Primate Pose Estimation with Open Monkey Challenge
Reimplement and compare HRNet and ViTPose
Basic domain randomization (RandAugment)
Learned species special tokens
Chahyon Ku, Gustav Baumgart, Maximilian Scheder-Bieschin
University of Minnesota, Twin Cities
Proposal Paper
Proposal Slides
Final Paper
Final Slides
Code
Introduction
OpenMonkeyChallenge is a benchmark challenge for 2D non-human primate pose estimation (Yao et al). It consists of 111,529 photographs labeled with 17 body landmarks and is the largest non-human primate image dataset, both in number of images and number of species included. Non-human primate pose estimation is seen as more challenging than human pose estimation because non-human primates have more variation in their joint ranges and body geometry.
Metrics
We used probability of correct keypoint (PCK@ϵ with ϵ = 0.2) and average mean per joint position error (MPJPE) as performance metrics. PCK@ϵ is a way of measuring how likely it is for the model to predict any joint’s position. MPJPE calculates the mean distance of the predicted joint position from the actual joint position. Both of these metrics normalize by the size of the bounding box W, but in different ways.
Baseline
For the baseline we reimplemented HRNet, as it is one of the best baseline models from the original OpenMonkeyChallenge paper, with average precision of 0.78 (Sun et al). Unlike previous methods that traversed lowto-high or high-to-low resolutions, HRNet proposed a new architecture that maintained high-resolution representations through the entire model. This led to two benefits as compared to existing models (1) improved spatial precision due to not needing to recover resolution (2) improved capabilities for pose estimation due to repeated multiscale fusions.
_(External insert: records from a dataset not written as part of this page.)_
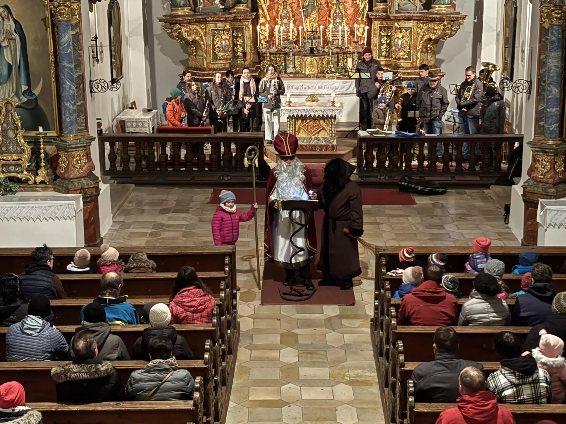Als schließlich gegen 16:30 Uhr die Glocken der St. Barbara Kirche zu läuten begannen, war es endlich so weit. Bischof Nikolaus trat mit seinem treuen Begleiter Knecht Ruprecht aus der Kirche heraus und ging den Kindern entgegen. Im Kreise der Mädchen und Jungen angekommen, wusste St. Nikolaus über jede und jeden etwas zu berichten. Scheinbar waren aber nur brave Kinder auf den Eixlberg gekommen, denn alle wurden mit einem Geschenk bedacht.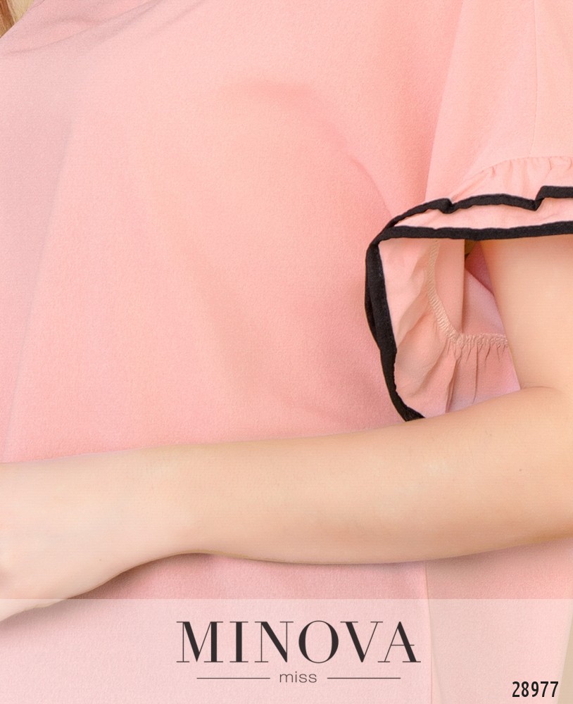 Свободная блуза прямого кроя с рукавами –воланами. Спинка украшена рядом декоративных пуговиц. Горловина, рукава и планка на спине выделены контрастным кантом.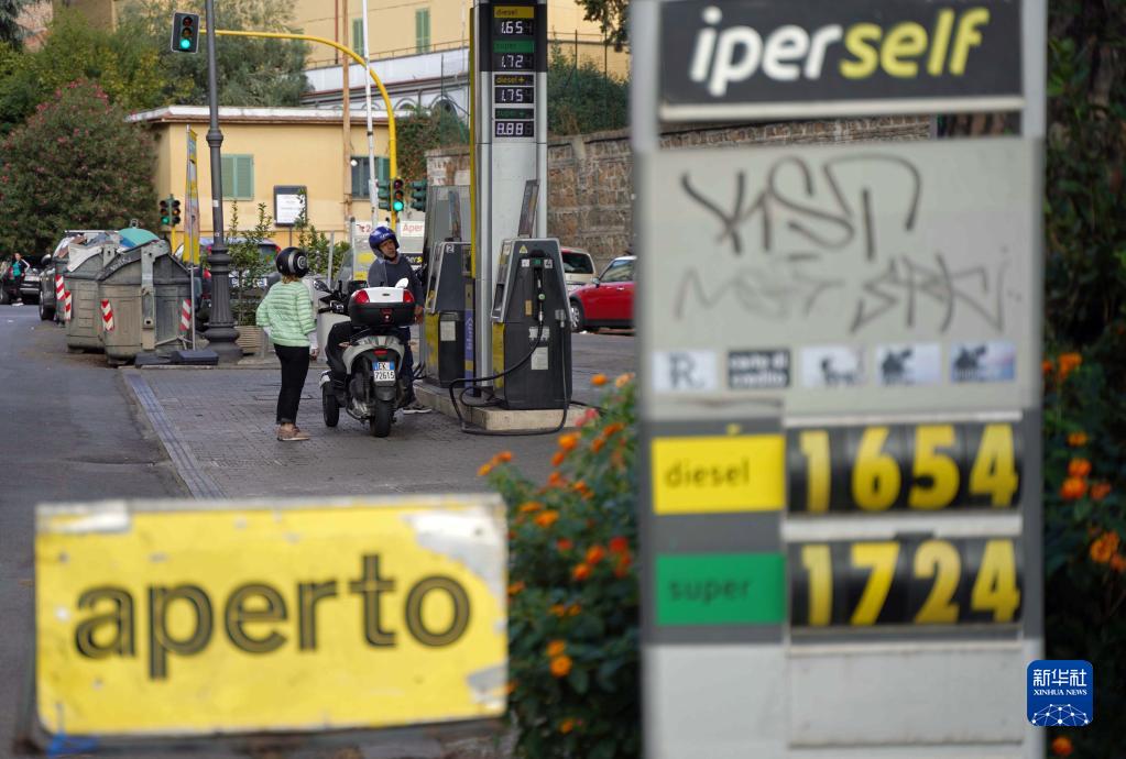 10月9日,人們?cè)谝獯罄_馬的一家加油站內(nèi)為摩托車加油。

For our baseline, we fine-tuned 4 versions of HRNet as provided by the timm library: w18, w32, w48, and w64. We trained them for 20 epochs and evaluated the model that had the lowest validation loss. This brings us to 3rd place in the leaderboard at 0.061 MPJPE for HRNet w64.
ViTPose and Improvements
We reimplemented ViTPose (Xu et al) as our main method. This model was selected as it has not yet been applied to the task of non-human primate pose estimation and has recently produced state-of-the-art performance for human pose estimation. They achieved a significant performance improvement against other state-of-the-art methods on the COCO validation set, and we hoped to improve on this model to beat the top-performing model on the OpenMonkeyChallenge leaderboard.
We fine-tune ImageNet-pretrained ViT-base for our ViTPose unless otherwise indicated. As our first set of experiments with ViTPose, we experiment with two hyperparameters: heatmap size and number of UpConv (transpose convolution) layers. To speed up the process of finding the right parameter, we do not train until convergence but rather train for 5 epochs. This brings us to 2nd place in the leaderboard at 0.051 MPJPE for ViTPose with 4 UpConv layers.
To further improve performance, we propose two additions to ViTPose: RandAugment and Specie Context Tokens. All models in this section are trained for 10 epochs. First, we observed that the validation performance plateaus and starts decreasing around the 5th epoch. Adding RandAugment slows down the training, but allows the model to learn past the non-augmented limit where the model starts to overfit. We vary the magnitude m of the augmentation, which defines how skewed or jittered the color and shape of the image is, to 0 (no augmentation), 2, 4 and find that magnitude of 2 is the most effective in improving the performance. Second, we propose specie context tokens to utilize the provided specie information. Adding context c, even though it requires a minuscule (26K) number of extra parameters and no additional computation, improved the performance for all magnitudes of data augmentation.
Conclusion
Using the methods and parameters we verified in the previous two sections, we train larger models for 20 epochs to report our final performance. To specify, heatmap size s of 8, rand augment magnitude m of 2, and specie context prefix token are all used for ViT-base and ViT-large with 3 and 4 UpConv layers. This brings us to 1st place in the leaderboard at 0.045 MPJPE for ViTPose-large with 4 UpConv layers.
References
Yuan Yao, Abhiraj Mohan, Eliza Bliss-Moreau, Kristine Coleman, Sienna M. Freeman, Christopher J. Machado, Jessica Raper, Jan Zimmermann, Benjamin Y. Hayden, and Hyun Soo Park. Openmonkeychallenge: Dataset and benchmark challenges for pose tracking of non-human primates. bioRxiv, 2021.
Ke Sun, Bin Xiao, Dong Liu, and Jingdong Wang. Deep high-resolution representation learning for human pose estimation. In Proceedings of the IEEE/CVF conference on computer vision and pattern recognition, pages 5693–5703, 2019.
Yufei Xu, Jing Zhang, Qiming Zhang, and Dacheng Tao. Vitpose: Simple vision transformer baselines for human pose estimation, 2022.